Spokespeople for the Trump campaign and Trump Hotels did not respond to a request for comment from HuffPost.

Is the Trump National Golf Club Westchester worth more than $50 million, or just $1.4 million? If you're Donald Trump, it seems to depend on the context.
Is the Trump National Golf Club Westchester worth more than $50 million, or just $1.4 million? If you're Donald Trump, it seems to depend on the context.
Mike Segar/Reuters

Trump also fought to lower the assessment for his Briarcliff Manor, New York golf course from $13.5 million to just $1.4 million, the Westchester Journal News reported in September 2015. Yet in his 2015 and 2016 personal financial disclosures, Trump maintained that the golf course, which sits on 140 acres and has a 75,000-square-foot clubhouse, was worth more than $50 million.

Trump followed an almost identical routine for his golf course outside Charlotte, North Carolina.

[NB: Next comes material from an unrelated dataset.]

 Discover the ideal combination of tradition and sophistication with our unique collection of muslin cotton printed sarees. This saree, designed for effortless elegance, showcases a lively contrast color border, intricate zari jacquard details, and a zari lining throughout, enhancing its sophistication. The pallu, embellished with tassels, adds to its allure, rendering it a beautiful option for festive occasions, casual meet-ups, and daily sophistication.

The Washington Post reported that after Trump bought the course for $6 million in 2013, invested $10 million in renovations and saw real estate values rise in the area, the course’s value dropped from $22.7 million to $9.6 million on the tax rolls of rural Iredell County. Since the purchase price and renovations alone cost $16 million and the Charlotte area is experiencing a real estate boom, that new valuation seems low. (In this case, Trump’s personal financial disclosure filings in 2015 and 2016 list the property’s value between $5 million and $25 million, a range that accommodates both the higher and lower assessed values of the property.)

Those valuation acrobatics in North Carolina saved Trump somewhere between $200,000 and $300,000 in total taxes and $167,000 in county taxes, the Charlotte Observer reported ― money that cuts directly into what the county has to spend on basic services like schools and roads.

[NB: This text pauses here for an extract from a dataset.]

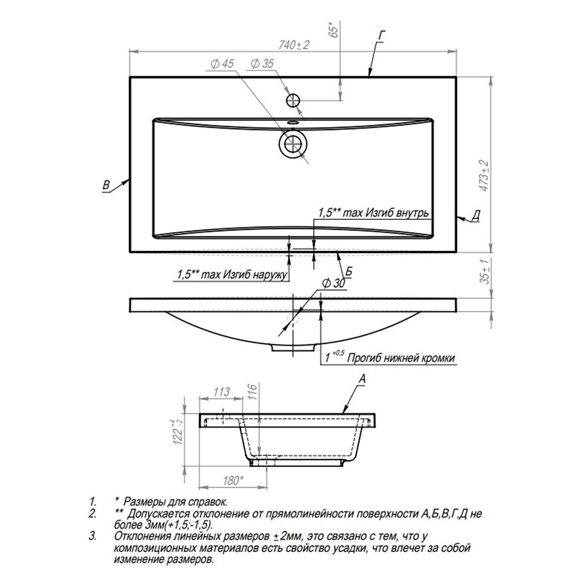- Умывальник оснащён одним отверстием под смеситель, сливным отверстием диаметром 4 см и переливом.

Trump also fought the town of East Fishkill, New York, to retroactively lower the value of his Trump National Hudson Valley golf course from $6 million to $4.6 million for the 2015 tax year. The town settled the case in April 2016, agreeing to reduce the value to Trump’s proposed $4.6 million. Meanwhile, Trump’s 2015 disclosure to the FEC said the property was worth somewhere between $5 million and $25 million.

As part of the settlement, the town, county and local school district had to pay for an audit to determine if Trump’s company had paid any excess taxes in the previous year based on the new, lower, value. In the end, Trump managed to wring out refunds from the local governments: $31,367.06 from the Wappingers Central School District, $5,045.38 from Dutchess County, $4,141.25 from the town of East Fishkill, $1,066.06 from the East Fishkill Fire Department, and $306.99 from the public library.

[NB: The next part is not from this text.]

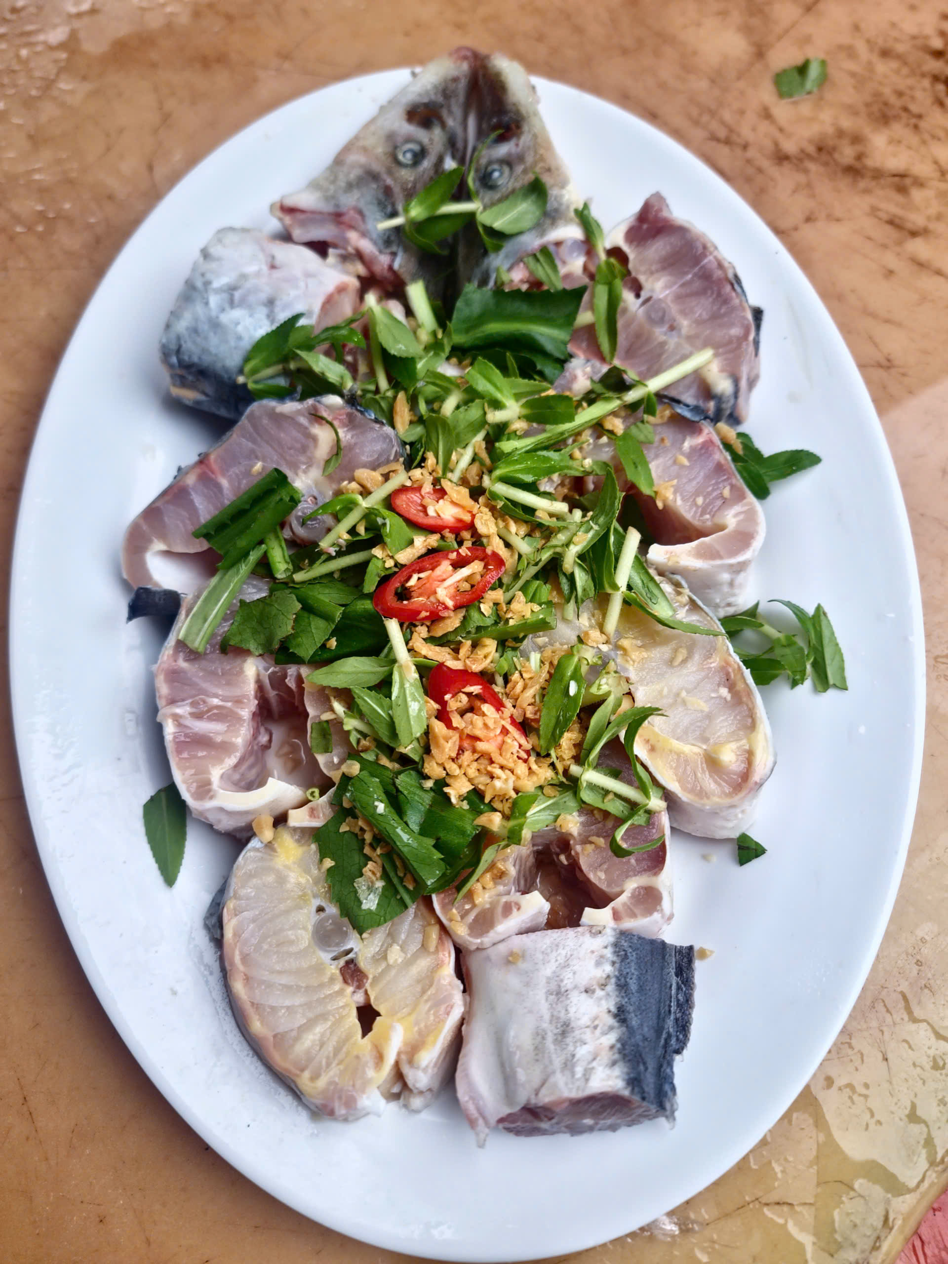 Cá tầm nấu mẻ ngon nhất khi ăn nóng, cá mềm mọng, nước canh chua ngọt hài hòa, rau muống và bắp chuối giữ độ giòn tươi mát. Ăn kèm bún giúp bạn cảm nhận trọn vẹn vị thanh mát, đậm đà của món ăn. Đây là món chính lý tưởng cho bữa trưa hay bữa tối gia đình, vừa nhẹ nhàng vừa bổ dưỡng.

A self-proclaimed billionaire lawyering up to get a penny shy of $307 back from a local library may seem inane and cruel. But to Trump, that’s business. As he told George Stephanopoulos in an interview on “Good Morning America” in May, “I fight very hard to pay as little tax as possible.”

Editor’s note: Donald Trump regularly incites political violence and is a serial liar, rampant xenophobe, racist, misogynist and birther who has repeatedly pledged to ban all Muslims — 1.6 billion members of an entire religion — from entering the U.S.